PROBLEM » Once you reach the line with "Cơ cấu cổ đông", transcribe it and every line after it to the end of the records, exactly, but not the pictures.

━━ EXERCISE INPUT ━━

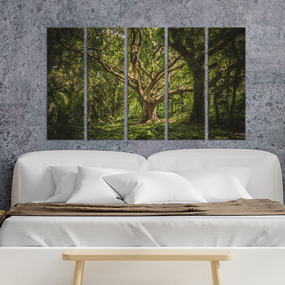 Dark Forest Canvas Wall Painting - With 5 Panel
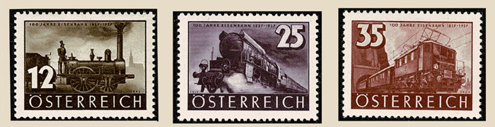 This set of stamps, issued on 22nd November 1937, would be more correctly described as commemorating a century of steam traction since only one Austrian mile of track, from Florisdorf to Deutsch-Wagram, was actually opened on 23rd November 1837. Nevertheless, on 23rd November 1937, a memorial was unveiled at Florisdorf, and wreaths were laid on the grave of Franz Xavier Riepl, the engineer who built the line. He was born 29.11.1790 in Graz, and died 25.4.1857 in Vienna. He was Professor of Commerce and National History at the Vienna Polytechnic Institute, later Director of the Kaiser Ferdinand Northern Railway. This set was valid for postage until 31st October 1938. Three special stamps, line perf 12½, were issued as follows:
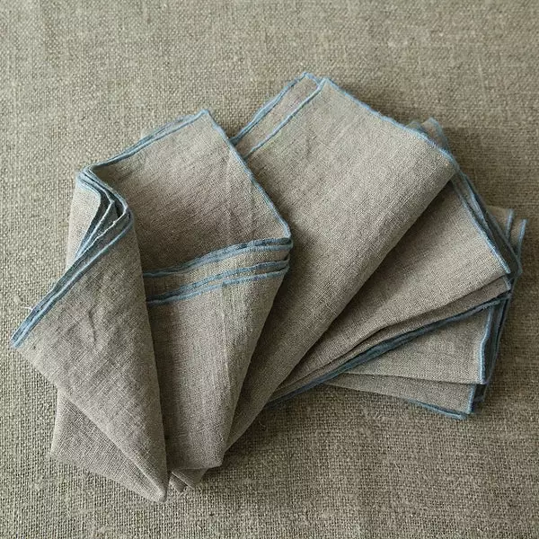 These stylish napkins are crafted from 100% pure natural coloured linen and edged with delicate embroidery in stone blue. They will bring a timeless elegance to your table, whatever the occasion.
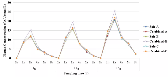 VitC抗肿瘤的研究始于70年代,两届诺贝尔奖得主Pauling当时提出VitC可有效治疗癌症,虽然随后遭到学界的否定,但是21世纪以来,越来越多的临床研究证实大剂量VitC抗肿瘤方面的潜力。区俊文团队从2016年[2]开始对大剂量VitC应用的安全性进行了研究,结果表明,空腹血VitC浓度与肿瘤分期直接相关,分期越晚的患者,体内VitC浓度越低,少数晚期肿瘤患者体内检测不到VitC,提示这类患者体内VitC极度缺乏,可能是大剂量VitC有效的原因之一。随后该团队进行的药代动力学研究这些发现提示,静脉输注VitC(1 g/kg, 1.2 g/kg和1.5 g/kg)两小时后体内达到血药浓度峰值(图2),未出现严重的不良反应,少数患者出现口渴症状,偶有患者感觉疲倦,仅有1例患者出现严重腹泻。总体来看,大剂量VitC的应用在肿瘤患者中是很安全的。
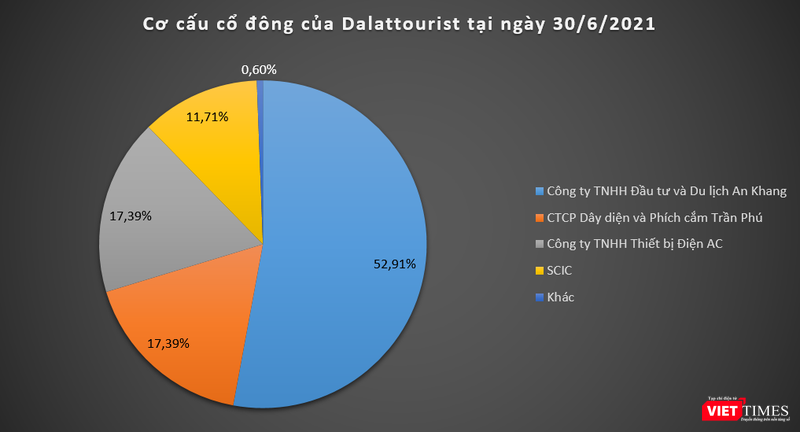 Cơ cấu cổ đông của Dalattourist khá cô đặc. Cụ thể, tính đến ngày 30/6/2021, công ty này có 4 cổ đông tổ chức nắm giữ 99,4% vốn điều lệ. Ngoài SCIC, Dalattourist còn 3 cổ đông lớn khác là Công ty TNHH Đầu tư và Du lịch An Khang (52,91% VĐL), CTCP Dây điện và Phích cắm Trần Phú (17,39% VĐL), và Công ty TNHH Thiết bị Điện AC (17,39% VĐL).
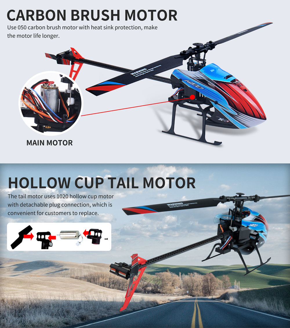 - Drive Motor: Main Motor*1 (Carbon Brush) 050 Tail Motor*1 (Hollow Cup) 1020

━━━

RESPONSE AREA »
 Cơ cấu cổ đông của Dalattourist khá cô đặc. Cụ thể, tính đến ngày 30/6/2021, công ty này có 4 cổ đông tổ chức nắm giữ 99,4% vốn điều lệ. Ngoài SCIC, Dalattourist còn 3 cổ đông lớn khác là Công ty TNHH Đầu tư và Du lịch An Khang (52,91% VĐL), CTCP Dây điện và Phích cắm Trần Phú (17,39% VĐL), và Công ty TNHH Thiết bị Điện AC (17,39% VĐL).
 - Drive Motor: Main Motor*1 (Carbon Brush) 050 Tail Motor*1 (Hollow Cup) 1020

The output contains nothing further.